Писарь, малый лет двадцати-пяти, с красивым, но противным лицом от постоянно игравшей на нем нахальной улыбки, состоял когда-то в почтальонах, но проворовался, был уволен и, как человек, умеющий читать и писать и, вдобавок, испытанной верности, был назначен писарем в волость, где не умел читать даже старшина. Один грамотный на всю волость — это ли не раздолье? Писарь Курочка имел и еще одно достоинство: умел пить, т. е. будучи пьяным, держался на ногах и мог отыскать какую угодно статью. Стоя возле старшины с папиросой в зубах и закрывшись рукою от солнца, он напряженно смотрел на большую дорогу, покрытую первым зимним снегом, из-под которого во многих местах пробивались грязные ручьи. В перспективе, в неправильном треугольнике, образуемым волостным правлением, общественным магазином и колодцем, виднелась группа крестьян.

— Должно, сейчас будет, — сказал Курочка, обращая свою речь к старшине.

— Самая бы пора, — ответил с неудовольствием старшина. — С утра толчешься, пора бы и выпить. Эк галдят! — заметил он презрительно, показав рукою в сторону мужиков, — a все без толку…

— Свой толк есть, Сидор Тарасович. A вы как на счет выборов полагаете? Ведь не очень-то вы им желательны, особливо после дела с Макаркой. Неловко выбрали время, увлеклись-таки маленько, — подсмеивался писарь.

Старшина отвернулся и поправил у себя на груди медаль.

— Их желаньев то не больно кто спрашивает, — сказал он сухо.

— Ну, все же без спроса нельзя, — хотя бы для формальности одной, — продолжал в том же тоне писарь: — потому ежели мы попирать закон будем, то, стало, и им туда же дорогу укажем.
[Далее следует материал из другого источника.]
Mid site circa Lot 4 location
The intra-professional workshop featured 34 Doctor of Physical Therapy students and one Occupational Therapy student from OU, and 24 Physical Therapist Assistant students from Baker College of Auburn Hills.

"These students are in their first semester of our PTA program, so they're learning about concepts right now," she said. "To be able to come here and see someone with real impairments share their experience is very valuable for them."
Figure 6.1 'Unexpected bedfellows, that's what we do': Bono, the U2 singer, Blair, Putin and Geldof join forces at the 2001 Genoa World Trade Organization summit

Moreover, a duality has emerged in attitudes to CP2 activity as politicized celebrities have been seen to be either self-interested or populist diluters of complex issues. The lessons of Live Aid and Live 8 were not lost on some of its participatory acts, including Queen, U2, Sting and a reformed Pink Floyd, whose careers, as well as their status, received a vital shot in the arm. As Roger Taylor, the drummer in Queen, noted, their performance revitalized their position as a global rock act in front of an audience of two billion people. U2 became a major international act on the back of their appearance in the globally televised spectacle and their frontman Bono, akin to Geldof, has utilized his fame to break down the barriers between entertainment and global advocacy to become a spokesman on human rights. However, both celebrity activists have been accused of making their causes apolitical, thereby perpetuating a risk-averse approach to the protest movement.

Нынче, Сидор Тарасович, народ стал переимчив.

Старшина зевнул, давая этим понять, что разговор не интересует его, но писарь не понял и внушительно, с оттенком добродушия, продолжал: — Надо умеренность соблюдать, Сидор Тарасович, a вы уж так пошли, словно над вами нет и закона.

— Куда как ты смешно рассуждаешь! — перебил его старшина. — Ну, на что мужику закон? Вот хоть бы тебя взять: назначил тебя господин посредник за то, что твоя жена ихней супруге чем-то угодила, и баста! и разговору никакого… Причем же тут закон? — кольнул в свою очередь старшина писаря.
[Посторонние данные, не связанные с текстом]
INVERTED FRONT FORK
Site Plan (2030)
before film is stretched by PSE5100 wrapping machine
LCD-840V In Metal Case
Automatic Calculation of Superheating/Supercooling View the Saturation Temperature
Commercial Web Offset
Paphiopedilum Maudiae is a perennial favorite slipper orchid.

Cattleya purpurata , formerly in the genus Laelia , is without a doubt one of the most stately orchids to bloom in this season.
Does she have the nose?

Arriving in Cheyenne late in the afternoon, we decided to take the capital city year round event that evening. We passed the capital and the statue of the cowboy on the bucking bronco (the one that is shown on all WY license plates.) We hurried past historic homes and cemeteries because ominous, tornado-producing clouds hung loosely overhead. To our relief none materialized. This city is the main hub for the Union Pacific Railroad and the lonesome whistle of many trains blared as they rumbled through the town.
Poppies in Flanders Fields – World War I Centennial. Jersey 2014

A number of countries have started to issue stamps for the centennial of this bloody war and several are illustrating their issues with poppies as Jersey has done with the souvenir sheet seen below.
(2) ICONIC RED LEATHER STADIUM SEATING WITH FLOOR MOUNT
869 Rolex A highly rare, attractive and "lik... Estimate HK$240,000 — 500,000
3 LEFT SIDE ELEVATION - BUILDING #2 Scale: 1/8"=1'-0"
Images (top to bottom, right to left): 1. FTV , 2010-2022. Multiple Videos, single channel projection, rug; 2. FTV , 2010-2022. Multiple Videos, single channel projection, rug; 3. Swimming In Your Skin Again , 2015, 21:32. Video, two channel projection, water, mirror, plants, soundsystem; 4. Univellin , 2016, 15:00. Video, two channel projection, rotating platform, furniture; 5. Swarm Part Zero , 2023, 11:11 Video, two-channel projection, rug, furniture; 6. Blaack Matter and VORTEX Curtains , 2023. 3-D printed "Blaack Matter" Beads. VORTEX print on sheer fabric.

— Оно так-то так, — согласился писарь, — да все, знаете, как за букву-то обеими руками держишься, так оно верней… A вон никак и сами Петр Иванович едут! — прибавил он, растирая ногой поспешно брошенную папиросу.

— Он самый и есть, — сказал старшина, — обдергиваясь и поправляя медаль.

К крыльцу волостного правления лихо подкатила арендаторская тройка вороных. Мужики сняли шапки; писарь и старшина быстро спустились с крыльца, почтительно вытянувшись. Закутанный в скунсовый воротник, вылез из саней посредник и, поддерживаемый с обеих сторон писарем и старшиной, медленно и важно поднялся на лестницу.

— Все готово? — спросил он на ходу, обращаясь к старшине.

Как изволили приказать, — ответил тот, почтительно кланяясь спине посредника.

Вошли в волостное правление. Писарь вдруг куда-то исчез, словно провалился, a старшина, приняв посредникову шубу, остановился у двери, слегка прислонившись к притоке.

— A на тебя, брат, опять жалоба, — сказал посредник, смотрясь в зеркало, которое имело способность отражать все в голубом цвете.

Старшина сделал несколько шагов вперед и смотрел с вопросительным знаком на лице.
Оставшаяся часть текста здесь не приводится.